Chaos and unpredictability are not new to the human experience. In the Old Testament, God's people experienced a series of battles, famines, enslavements and other seemingly insurmountable circumstances. In each story God came through for his people but only after they had suffered and nearly lost hope. In the modern world we need look no further than the evening news to see chaos of all forms reported in detail. Here in modern America we usually have problems of lesser scope than the Old Testament or the Third World. Our typical problems are still substantial enough however to make us lose sleep. Possibilities of unemployment, under performing 401k retirement plans, health concerns and on and on occupy the minds of a typical family.
Then we take up the case of the family with a mentally ill member or two. Those special family members are more prone than the general population to volatility in their employment, their relationships and their overall health. They often lack motivation or insights sufficient to succeed at the more challenging tasks of adult life. Mistakes that some others would learn from and move on may be repeated time and time again. Addiction and substance abuse challenge a high percentage of the mentally ill community.
So how should we as caregivers and stewards of our mentally ill family members manage without either falling into despair, or, as some have done, over committing ourselves in unhealthy ways? I've found some success with three concepts: Prayer, Stewardship, and Margin. You may be thinking “Hey wait a minute. This is a Christian blog. I expected to see words like prayer and stewardship but what is this margin business? Sounds like something from an MBA program.”
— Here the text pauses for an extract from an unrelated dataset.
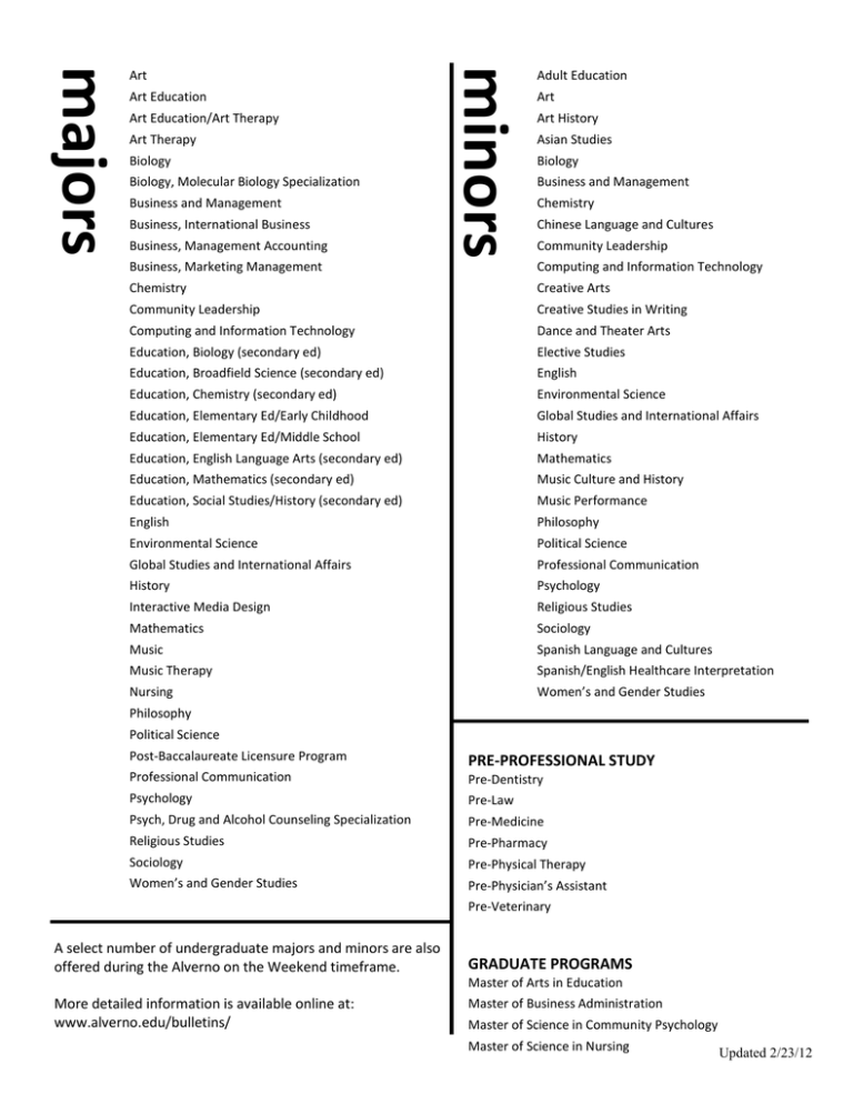 Undergraduate Majors and Minors List Elmira College Modern Campus

Prayer and faith are staples of the Christian life. God loves you. He loves your mentally ill family member. And as hard as his plan may be to understand some days, we can all count on the fact that he is working things out for our well being in eternity.
Stewardship sounds simple enough. None of us wants our family member living under a bridge or on the street regardless of what he or she may have done or not done. Most of us will go to great lengths to see that our mentally ill family member has as good a life as possible.
This is where the margin concept becomes important. As caregivers, it can be tempting to make bold and generous commitments of our time and resources to“set things right”for our family member. Where this is likely to fall apart is when all the time and resources have been committed only to have a new problem crop up. I propose that as responsible caregivers we need to hold in reserve some time and some resources as margin against the next unforeseen event. Remember I started this article with commentary on chaos and unpredictability and the propensity of our family members to have more than the typical amount of both.
So what does margin look like where the rubber meets the road? It may be more helpful to pose these ideas as a series of questions to consider since each family is different.
• Have you planned your family budget so you can cover a year or so of doctor and medication costs in the event your loved ones health insurance or government benefits are disrupted?
• For your loved ones transportation needs, would a basic cell phone and a bus or subway pass provide the basics for now?
• Would the use of your spare room or help with basic rent keep them safe without the risk or long-term commitment associated with buying a house or condo?
• Would a group session be sufficient or perhaps even more beneficial than one-on-one counseling?
• Would a couple of semesters at community college make a good low risk way to see how they can perform in a college environment?
• What community or support group resources may be available to my loved one in lieu of fee for service providers.
• Have you talked to an attorney about setting up a trust to ensure the resources you leave behind when you die are managed for your loved one's benefit and according to these same principles?
• What do you need to do to keep yourself well and strong so you are in good shape if your loved one has a crisis?
Remember the idea here is not to be as cheap as possible but rather to provide stewardship of basic needs while retaining some margin in the time and resource budget to account for changing circumstances. If it sounds a little to you like a survival plan that is because it is a lot like a survival plan. One for you and your loved one.
Prayer, stewardship, and margin. Please let us know if you have ideas or examples of creative ways to cover you loved ones basic needs while still holding a little in reserve for that“rainy day.”